* **What to do**
Among the lines below, keep only those from the one containing "Researchers developed an" through the one containing "1 X F08:(elbow", and reproduce them exactly.

* **Exercise material**
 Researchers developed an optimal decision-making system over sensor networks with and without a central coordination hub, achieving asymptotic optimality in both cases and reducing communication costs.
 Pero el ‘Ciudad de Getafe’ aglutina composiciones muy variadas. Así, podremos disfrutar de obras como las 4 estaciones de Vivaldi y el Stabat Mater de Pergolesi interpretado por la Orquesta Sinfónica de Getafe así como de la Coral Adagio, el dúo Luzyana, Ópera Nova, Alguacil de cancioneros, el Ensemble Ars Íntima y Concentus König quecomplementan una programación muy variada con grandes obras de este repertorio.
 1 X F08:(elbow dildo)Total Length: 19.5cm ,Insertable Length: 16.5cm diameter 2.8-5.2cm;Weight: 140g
...
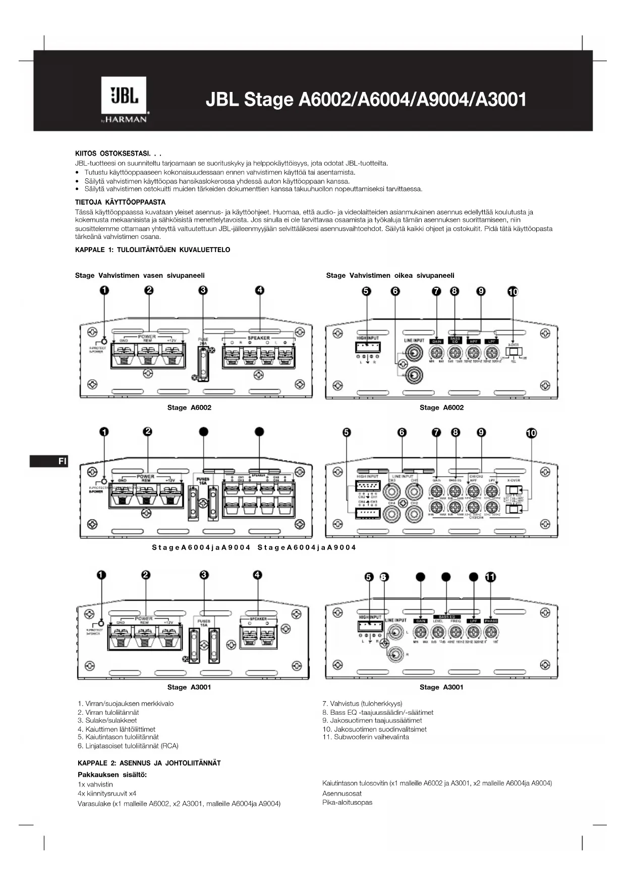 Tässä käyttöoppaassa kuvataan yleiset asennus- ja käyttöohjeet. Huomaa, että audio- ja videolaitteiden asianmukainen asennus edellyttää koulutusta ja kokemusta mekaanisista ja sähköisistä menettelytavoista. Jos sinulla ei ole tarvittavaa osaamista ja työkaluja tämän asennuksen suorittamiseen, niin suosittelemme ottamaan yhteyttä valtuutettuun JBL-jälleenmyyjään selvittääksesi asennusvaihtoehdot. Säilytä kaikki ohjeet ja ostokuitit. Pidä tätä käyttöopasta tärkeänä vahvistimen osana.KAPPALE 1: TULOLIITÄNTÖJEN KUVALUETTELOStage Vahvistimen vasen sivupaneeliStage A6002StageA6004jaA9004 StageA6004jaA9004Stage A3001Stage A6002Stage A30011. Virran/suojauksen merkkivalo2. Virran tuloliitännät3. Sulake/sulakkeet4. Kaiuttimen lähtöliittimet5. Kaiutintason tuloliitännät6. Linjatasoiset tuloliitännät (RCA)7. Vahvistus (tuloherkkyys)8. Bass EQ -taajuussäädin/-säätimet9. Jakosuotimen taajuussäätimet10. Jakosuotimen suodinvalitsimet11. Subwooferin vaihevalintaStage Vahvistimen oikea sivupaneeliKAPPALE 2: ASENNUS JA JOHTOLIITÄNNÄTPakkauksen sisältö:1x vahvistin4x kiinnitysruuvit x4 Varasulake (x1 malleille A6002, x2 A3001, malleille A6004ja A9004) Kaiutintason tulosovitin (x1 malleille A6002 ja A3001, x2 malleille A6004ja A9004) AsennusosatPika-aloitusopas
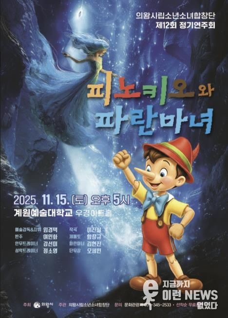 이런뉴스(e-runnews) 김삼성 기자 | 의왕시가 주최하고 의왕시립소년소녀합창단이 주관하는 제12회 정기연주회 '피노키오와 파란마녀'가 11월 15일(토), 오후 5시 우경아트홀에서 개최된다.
==
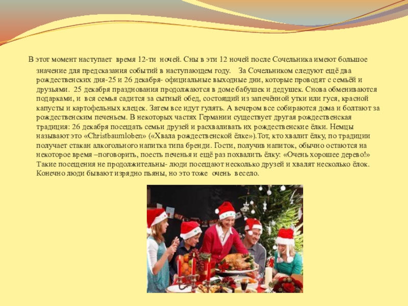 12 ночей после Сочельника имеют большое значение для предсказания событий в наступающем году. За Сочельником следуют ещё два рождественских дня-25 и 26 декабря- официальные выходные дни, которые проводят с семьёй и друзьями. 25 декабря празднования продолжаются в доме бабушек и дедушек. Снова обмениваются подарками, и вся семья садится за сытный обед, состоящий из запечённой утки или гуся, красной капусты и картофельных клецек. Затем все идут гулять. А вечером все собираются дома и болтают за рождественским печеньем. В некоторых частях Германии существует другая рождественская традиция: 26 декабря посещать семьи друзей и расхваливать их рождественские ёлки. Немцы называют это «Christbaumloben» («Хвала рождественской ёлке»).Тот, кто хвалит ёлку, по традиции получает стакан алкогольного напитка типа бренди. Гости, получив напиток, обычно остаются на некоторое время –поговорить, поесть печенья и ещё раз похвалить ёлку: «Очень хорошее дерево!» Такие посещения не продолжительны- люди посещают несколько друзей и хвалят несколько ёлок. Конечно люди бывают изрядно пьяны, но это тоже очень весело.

* **Finished exercise**
 Researchers developed an optimal decision-making system over sensor networks with and without a central coordination hub, achieving asymptotic optimality in both cases and reducing communication costs.
 Pero el ‘Ciudad de Getafe’ aglutina composiciones muy variadas. Así, podremos disfrutar de obras como las 4 estaciones de Vivaldi y el Stabat Mater de Pergolesi interpretado por la Orquesta Sinfónica de Getafe así como de la Coral Adagio, el dúo Luzyana, Ópera Nova, Alguacil de cancioneros, el Ensemble Ars Íntima y Concentus König quecomplementan una programación muy variada con grandes obras de este repertorio.
 1 X F08:(elbow dildo)Total Length: 19.5cm ,Insertable Length: 16.5cm diameter 2.8-5.2cm;Weight: 140g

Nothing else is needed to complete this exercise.